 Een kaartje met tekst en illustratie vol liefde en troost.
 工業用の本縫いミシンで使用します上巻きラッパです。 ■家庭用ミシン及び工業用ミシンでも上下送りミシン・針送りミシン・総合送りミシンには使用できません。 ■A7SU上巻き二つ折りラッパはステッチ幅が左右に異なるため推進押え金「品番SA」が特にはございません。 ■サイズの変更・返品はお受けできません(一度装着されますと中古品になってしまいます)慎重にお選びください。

==========

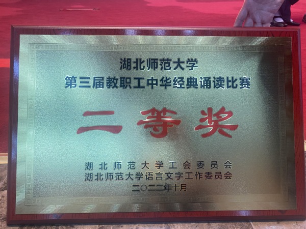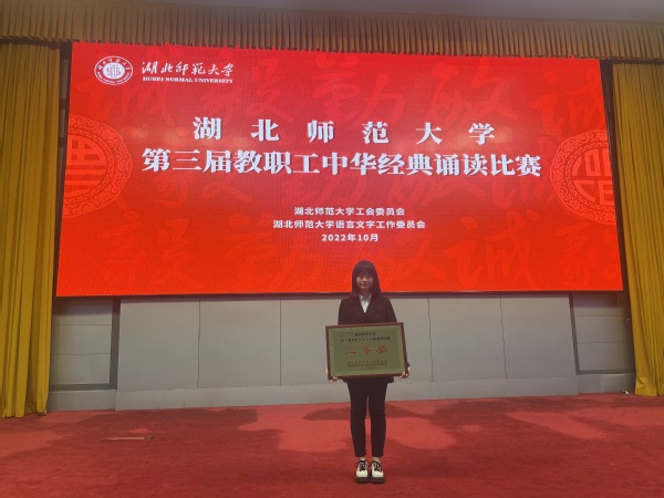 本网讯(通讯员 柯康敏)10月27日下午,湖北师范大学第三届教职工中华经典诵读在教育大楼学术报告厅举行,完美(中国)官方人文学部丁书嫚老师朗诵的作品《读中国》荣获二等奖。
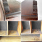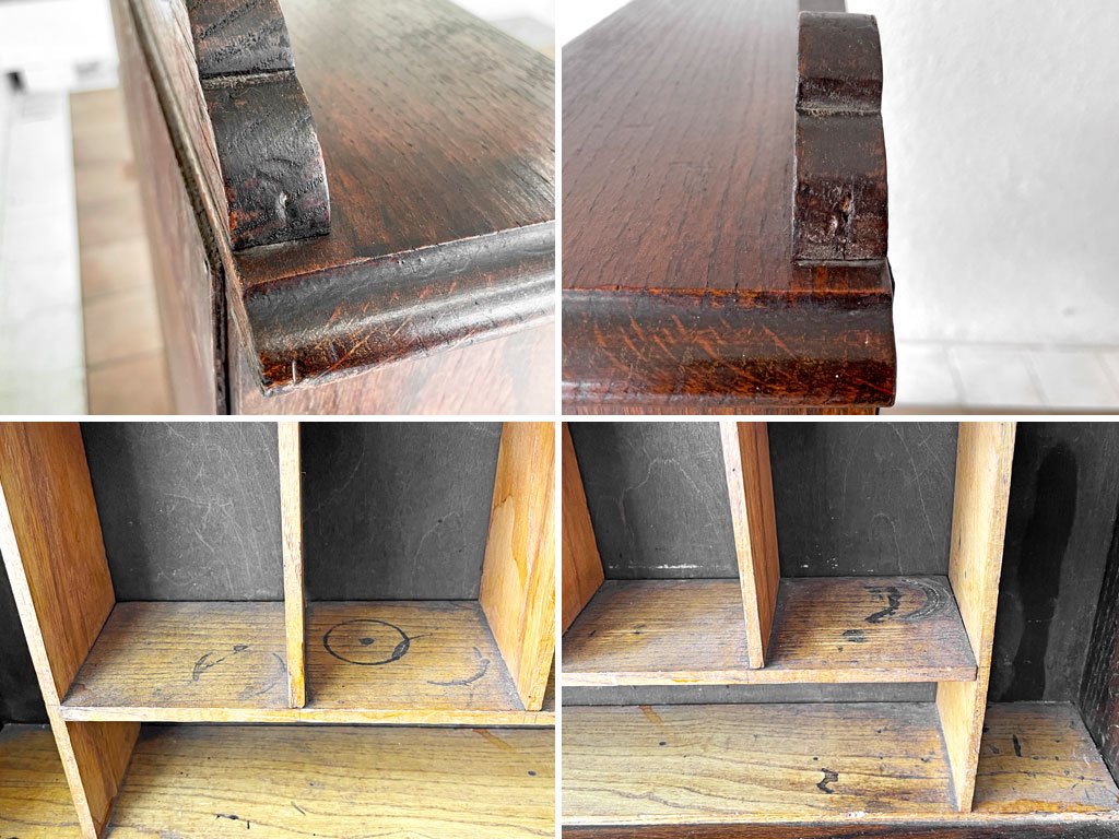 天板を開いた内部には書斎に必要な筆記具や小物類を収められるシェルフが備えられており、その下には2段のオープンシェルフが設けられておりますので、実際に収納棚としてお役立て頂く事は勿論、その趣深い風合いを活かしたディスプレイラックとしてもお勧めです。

==========

YOUR INSTRUCTIONS: Look above for the line with "本网讯(通讯员 柯康敏)10" and the line with "天板を開いた内部には書斎に必", then restate exactly those two lines and all lines between them, with no pictures.

OUTPUT FOR THIS EXERCISE:
 本网讯(通讯员 柯康敏)10月27日下午,湖北师范大学第三届教职工中华经典诵读在教育大楼学术报告厅举行,完美(中国)官方人文学部丁书嫚老师朗诵的作品《读中国》荣获二等奖。
 天板を開いた内部には書斎に必要な筆記具や小物類を収められるシェルフが備えられており、その下には2段のオープンシェルフが設けられておりますので、実際に収納棚としてお役立て頂く事は勿論、その趣深い風合いを活かしたディスプレイラックとしてもお勧めです。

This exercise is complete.